朵拉

海潮心事 漢娜·裡奇爾 第1頁,共2頁

◎當下◎

朵拉推開沉重的金屬大門,下樓來到街上時,工人們早已在紐扣工廠的屋頂上忙活了半天。他們早上七點就在那兒了,卸掉廢舊防雨板和簷溝,將大片大片滴水的油布和瀝青通過滑槽運到樓下的廢料桶裡。

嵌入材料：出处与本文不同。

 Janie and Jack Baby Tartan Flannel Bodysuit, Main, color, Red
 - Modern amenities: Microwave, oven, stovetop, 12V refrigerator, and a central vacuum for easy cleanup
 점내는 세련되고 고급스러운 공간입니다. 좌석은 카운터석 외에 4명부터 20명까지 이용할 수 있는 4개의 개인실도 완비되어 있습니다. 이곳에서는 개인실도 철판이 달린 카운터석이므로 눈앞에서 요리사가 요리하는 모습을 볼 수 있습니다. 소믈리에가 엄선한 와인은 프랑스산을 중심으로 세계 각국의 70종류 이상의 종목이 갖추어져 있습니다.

「回見呀!」她踏上人行道時一位工人朝她喊道,還對她揮了揮手。

她抬起頭對他們微笑:「再見。」

他們這群人整天樂呵呵的,從昨天開工的時候起就一直在打趣逗樂,但他們工作很努力,也懂禮貌,朵拉也樂得聽他們開開玩笑。終於開始修補漏水的屋頂了,這令人感覺很不錯,尤其是現在溫暖的夏天已轉瞬即逝,又回到了陰雨綿綿的秋季。幸運的是,又是乾燥的一天,空氣清爽,微風陣陣,朵拉步行去乘車時,捲曲的棕黃色落葉和窸窣作響的紙袋在風中追逐起舞。她運氣不錯,剛到公交車站,一輛半空的38路就進了站。她爬上車,找到一個後排的位子坐下。

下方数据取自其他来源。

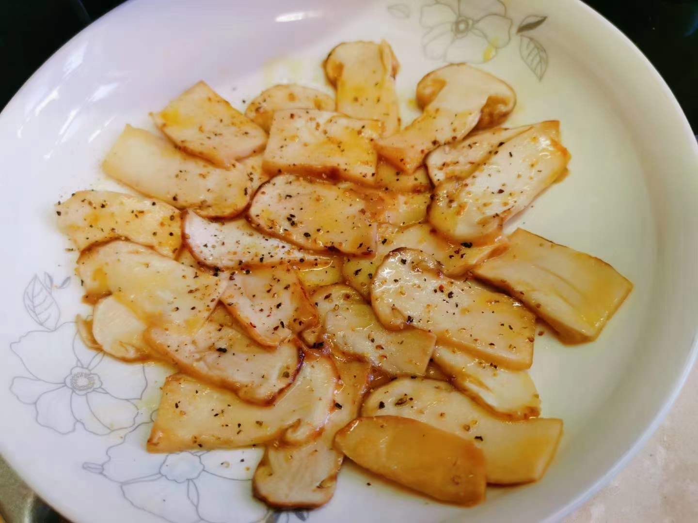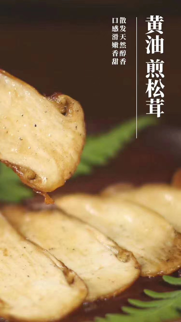 【吃法二:香煎松茸】1、松茸清洗干净,去根部,用干净纸巾擦拭松茸表面(最好不用水洗),切厚片备用。2、锅中放入黄油/牛油等,小火融化。3、放入松茸煎至两面金黄色,撒入黑胡椒碎、盐即可。

丹沒能與當地報社改約訪談的時間,這讓她還有點生氣。她明白這是個絕佳的機會,能幫助他提升影響力,也許能帶來一些新的訂單,可產檢是好幾個星期之前就定下的。他不能陪她一起去,不能親自看看寶寶,這令她有點傷心。

「只求寶寶別遺傳我的鼻子就好……還有牙齒。我們可付不起昂貴的牙醫賬單。」他開玩笑道。

「我可不覺得現在就能看到牙齒,丹!你到底有沒有看我給你的書呀?」

「當然看了。」他眼裡那一抹戲謔的亮光出賣了他,他顯然沒有看。

「你確定不想知道是男孩還是女孩?」

丹聳聳肩。「我不想知道……你呢?」

「我也不想,我更想要個驚喜。」

「好啊,我也是。」他把她拉進自己的懷抱,「記得帶一張那種照片回來,好嗎?你知道,就是那種黑白照片,把嬰兒照得像一隻大蝦的那種。我一結束訪談就給你打電話,到時候見。」他在她唇上用力親了一下,輕輕拍了拍她隆起的肚子,出門去東區的某間咖啡館見他的記者了。

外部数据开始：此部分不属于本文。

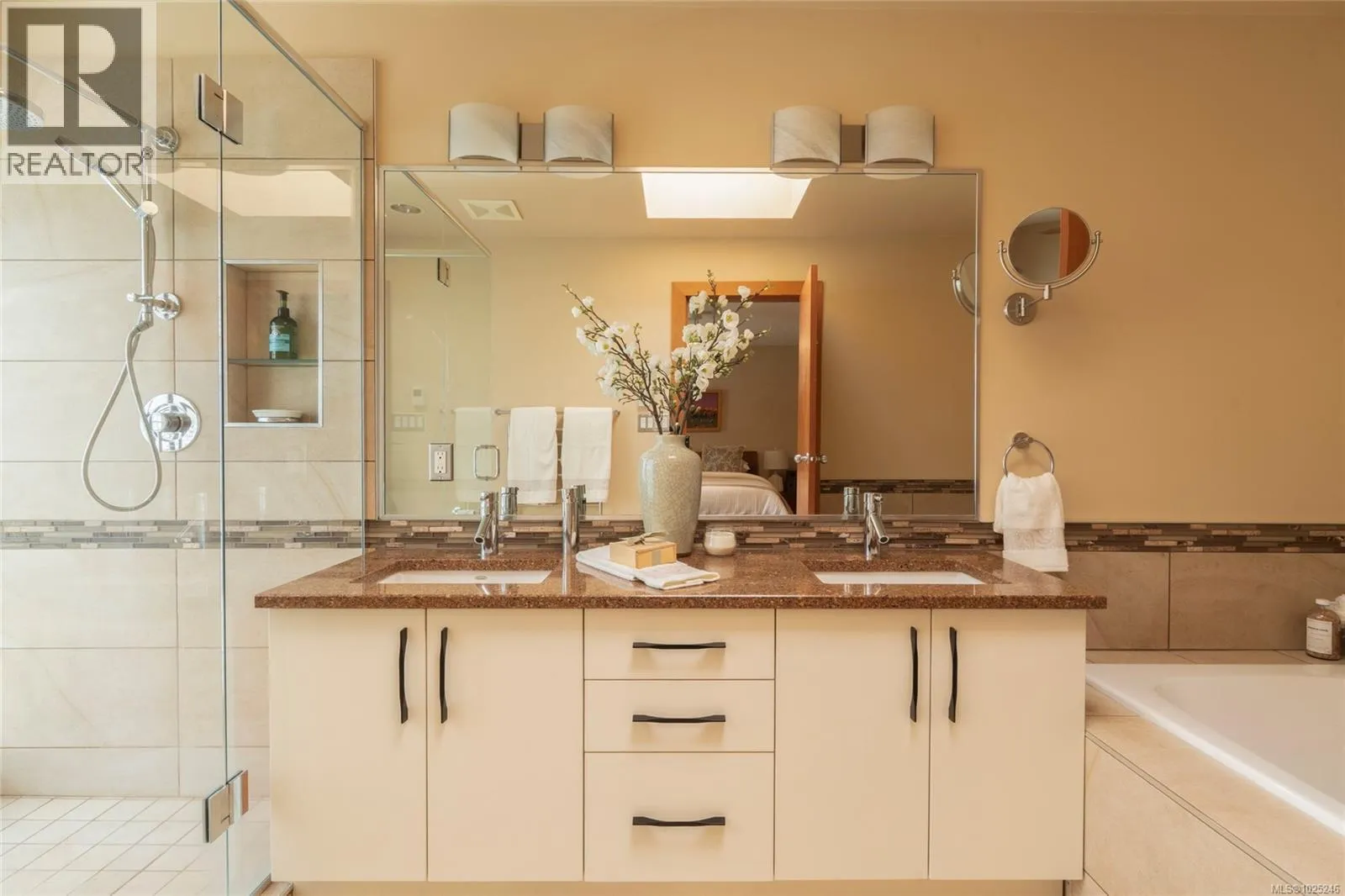 OPEN HOUSE: SUNDAY, FEB 15: 11:30-12:30. Follow your dream, home. Sun-drenched, exquisitely private & set directly on the 9th fairway of Cordova Bay Golf Course, this single-level residence offers an effortless resort lifestyle with a front-row seat to one of Victoriaâs most coveted seaside golf communities. Multiple skylights & floor-to-ceiling wood windows frame fairway & garden views from the main living spaces. The thoughtfully designed layout flows seamlessly for everyday living & entertaining, with the living room, dining room & kitchen all oriented toward the fairway & opening onto an expansive patio for true indoorâoutdoor living. The living area features a gas fireplace, rich wood trim & hardwood floors under airy 10+ ft ceilings. The adjacent dining area and generous kitchen providing lengthy granite counters, island with seating & top of the line wolf appliance package, including induction stove - positioned to take in the views. The bedroom wing is ideally separated for privacy, with a generous primary suite offering a walk-in closet with custom built-ins & skylight, spa-inspired ensuite with double vanity, soaker tub & walk-in shower. 2 additional well-sized bedrooms, one with direct access to its own private patio. Few homes enjoy this level of privacy & connection to the course: no neighbour on one side & one of few homes located directly on the fairway. Mature trees & thoughtfully placed privacy screening wrap the rear yard, while a substantial rock wall frames the front patio roughed-in for a future hot tub. Practical upgrades: gas-forced-air heating & HWOD. The oversized double garage with EV charger provides storage/workshop space. Opportunities of this calibreâcombining single-level living, rare privacy within the prestigious Cordova Bay golf communityâare rarely available; arrange a private viewing & experience golf course living from this exceptional property firsthand! Live your Luxury. Out Of Town Buyers-Virtual Tour Available Upon Request. (id:27476)

大蝦,哈,她被逗樂了,透過公交車髒兮兮的窗戶去看埃塞克斯路上緩緩後退的商店和咖啡館。她對這次產檢感到十分激動。這將是她第二次見到寶寶,如今她對自己懷孕的事實有了完全不一樣的感覺。不僅僅是因為晨吐的陰影終於消散了,更是因為她和丹之間的關係有了很大的改善。自從她去天鵝府見過凱西之後,她整個人都感覺不一樣了。變得更輕盈,更明朗,也更愉快了,好笑的是,她都不需要站在衛生間的體重秤上就知道自己已經增重了十幾公斤。

她和丹都很清楚,與姐姐的見面讓她整個人都放鬆了下來。她依然能感覺到阿爾菲的缺失,依然想念他,依然希望悲劇不要發生,但她不再時刻糾結於那些細枝末節而折磨自己了,也不再沉浸在愧疚與自責中,在人群裡搜尋他的面孔。也許最能說明問題的是,從那以後,她再也沒有做過一次噩夢,驚恐症也沒有再犯了。失去阿爾菲將是一個永恆的傷疤,但朵拉感覺到自己似乎正在向前走,終於回到了正軌。

她把一隻手放在自己隆起的腹部,輕輕撫摩堅挺渾圓的肚子。它結實而溫暖,令她十分享受指尖獲得的觸感:那麼踏實,那麼真切。

公交車前部出現了一陣騷動,一群男孩子吵吵嚷嚷地擠上車,在讀卡器上嘀嘀嘀地刷公交卡。逃學的孩子們啊,她心想。那些噪聲和動作衝擊著她的感官。她看見人行道上人們被風吹亂的頭髮、圍巾和西裝外套,突然很想和他們一起吹風。她跳起來,擠過人群來到了車門前,剛剛好。還有兩站就要到了,她可以步行去診所。不用待在辦公室裡真是一種享受。大多數人,據她所知,此刻都規規矩矩地坐在辦公桌前,開始了一天的工作,開啟電腦,接通電話,處理訂單,做各種決策。她很少有機會體驗倫敦的這一面,這時候老年人們開始慢悠悠地出現在街道上,年輕的父母推著嬰兒車去公園散步。她聽見騎腳踏車的郵差在車輛間唰唰地穿行,看見一群遊客坐在咖啡館的窗邊七嘴八舌地討論地圖和導遊手冊。一個面色蒼白的護士從她身邊走過,依然穿著工作服,顯然剛下了晚班回家。一位熱情洋溢的慈善工作者揮舞著寫字板向路過的陌生人搭訕,她禮貌地回絕了。還是同樣的城市——依然是她的家——但不知怎的感覺不一樣了,似乎突然透出一股不同的光線,換上了不同的節奏。她想自己往後也許會更多地體驗倫敦的這一面,等孩子出生之後。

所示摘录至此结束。